### DATA BELOW

•••••

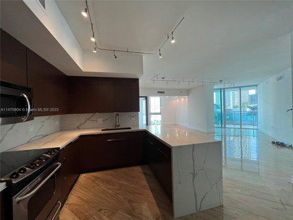 12th-floor remodeled apartment with stunning panoramic views of Miami River, Brickell, downtown, and Biscayne Bay located in a riverfront building. Versatile den can become third bedroom. Large balcony. All closets are custom. Primary bedroom has a walk-in closet. All bathrooms have walk-in showers. Modern kitchen features a waterfall-edge counter and updated appliances. Luxurious Wind Condominium offers amenities: pool, gym, racquetball court, sauna, party room, and more. Gated community with 24/7 security and valet. Centrally located, walk to Brickell and Bayside. 1 assigned parking included. Don't miss this remarkable living experience in Brickell and downtown Miami.
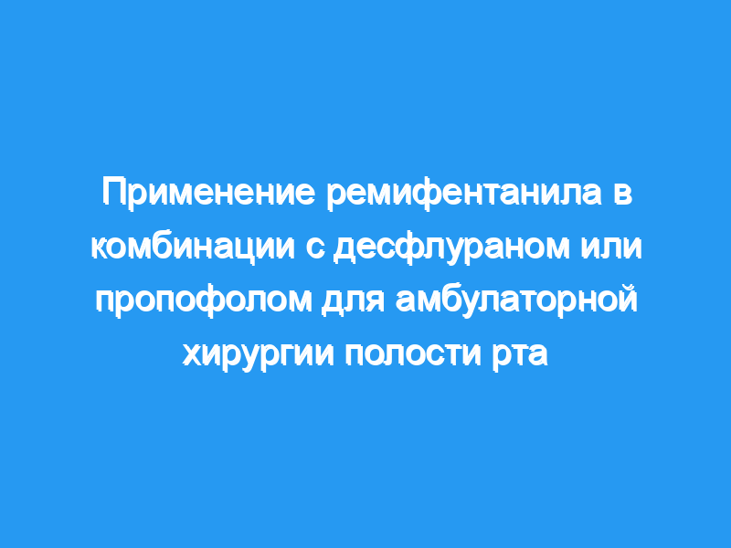 Мы оценили использование ремифентанила, вводимого в качестве компонента ингаляционной или целевой контролируемой инфузионной анестезии (TCI), во время амбулаторной операции на полости рта.
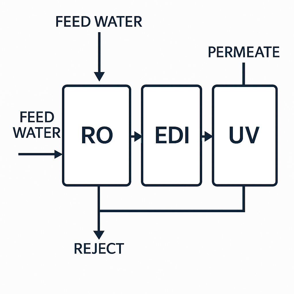UPW 시스템의 루핑 설계는 전체 수질 품질을 좌우하는 핵심입니다.

•••••

### WHAT YOU SHOULD DO
Omit the images; transcribe the listing verbatim.

### TASK OUTPUT
 12th-floor remodeled apartment with stunning panoramic views of Miami River, Brickell, downtown, and Biscayne Bay located in a riverfront building. Versatile den can become third bedroom. Large balcony. All closets are custom. Primary bedroom has a walk-in closet. All bathrooms have walk-in showers. Modern kitchen features a waterfall-edge counter and updated appliances. Luxurious Wind Condominium offers amenities: pool, gym, racquetball court, sauna, party room, and more. Gated community with 24/7 security and valet. Centrally located, walk to Brickell and Bayside. 1 assigned parking included. Don't miss this remarkable living experience in Brickell and downtown Miami.
 Мы оценили использование ремифентанила, вводимого в качестве компонента ингаляционной или целевой контролируемой инфузионной анестезии (TCI), во время амбулаторной операции на полости рта.
UPW 시스템의 루핑 설계는 전체 수질 품질을 좌우하는 핵심입니다.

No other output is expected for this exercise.